Daemons reacted gracefully and kept on using existing connections for most operations. Nothing substantial broke, and we could probably have taken some more hours to react without any notable service degradation.

> 	So it looks like the shared port daemon picked up the IPv6 address and started advertising it.
Just for reference:
- The IPv6 address got auto configured by the host/switch several days earlier. Our network people had reconfigured the switch to provide IPv6 for other machines in the same rack.
- The shared port daemon started using the IPv6 due to condor_reconfig.
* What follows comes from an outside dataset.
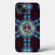 Custom iPhone 5 Hüllen mit hellen Leuchtenblau und dunkelrustikalen Rot, Muster zentriert mit einem psychedelischen Friedenssymbol - filmisch webgrl.art

This was also issued automatically due to fair share changes in the configs.

> 	In addition, this particular warning (IPV6 address literal not matching itself) is spurious; we just fixed it for the 8.6.5 release:
Thumbs up! *puts on my guess-we-should-update-more-often-hat*

> 	condor_pool@ is usually associated with using PASSWORD authentication.  I'll guess here that the problem is that the link-local address doesn't resolve to 'gridka.de', and your ALLOW list contains 'condor_pool@xxxxxxxxx'.  If your ALLOW list contains 'condor_pool@*', let me know, because we just found a problem with '*' being protocol-specific:
Our ALLOW for this is indeed 'condor_pool@xxxxxxxxx', and the IPv6 was indeed not resolved to gridka.de.
Give me a pointer on how Condor handles these identities:
- In this case, 'gridka.de' is the UID_DOMAIN, not the actual fqdn domain.
- Unless we allow it to (TRUST_UID_DOMAIN), the UID_DOMAIN can only be used from hosts which also share the domain in their fqdn.
- Since the fqdn cannot be resolved/does not resolve to '*.gridka.de', the authorisation fails because the UID_DOMAIN cannot be verified.
So even though we do not explicitly require the host name to match gridka.de, it is implicitly required to match the domain name.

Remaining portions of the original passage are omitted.